The results of the study suggest that the best AoA for the Drela GW-19 airfoil used in the MQ-9 Reaper is approximately 2 degrees. Future work would include implementing this specific airfoil in a CAD model of an MQ-9 Reaper and using a 3D CFD software such as ANSYS Fluent or Autodesk CFD to simulate a wind tunnel similar to the one created in this study. Some other areas of future work would include smaller increments of AoAs for better precision and experimental verification of results using a UAV model in a wind tunnel. I have started to test a 3D CAD Model of the proposed design, as shown in FIGS. 5 and 6.
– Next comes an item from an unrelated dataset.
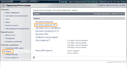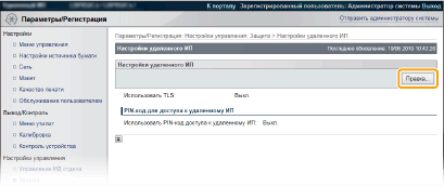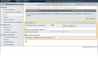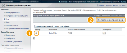 Если протокол TLS уже включен в разделе [Настройки удаленного ИП] или [Настройки печати IPP], пункт [Настройки ключа по умолчанию] не отображается. Чтобы изменить используемый ключ, см. шаг 6 и снимите флажки [Использовать TLS] в разделах [Настройки удаленного ИП] или [Настройки печати IPP], соответственно.

1. A method for optimizing MQ-9 Unmanned-Aerial-Vehicle (UAV) wing design, the method comprising:
formulating flow conditions;
simulating wings in a turbulent flow model for each angle of attack; and
finding the angle-of-attack (AoA) to produce the best lift-to-drag (L/D) ratio.
2. The method of claim 1, wherein the flow conditions include at least one parameter selected from the group consisting of air density, dynamic viscosity, and speed.
3. The method of claim 1, wherein the simulating comprises using Flowsquare.
4. The method of claim 3, wherein a Reynolds-Averaged-Navier-Stokes (RANS) model is used in Flowsquare.
5. The method of claim 3, wherein, after each simulation for each AoA is completed, velocity and pressure data files produced by Flowsquare are converted into quantities that represented drag to drag coefficient ratios and lift to lift coefficient ratios through C code.
6. The method of claim 5, wherein, to calculate lift and drag coefficients, the NASA FoilSim Js software is used to approximate these missing quantities by using the camber height, thickness, and AoA for each trial.
7. The method of claim 6, wherein the resulting lift and drag forces are calculated and the lift-to-drag ratios are graphed with the AoAs.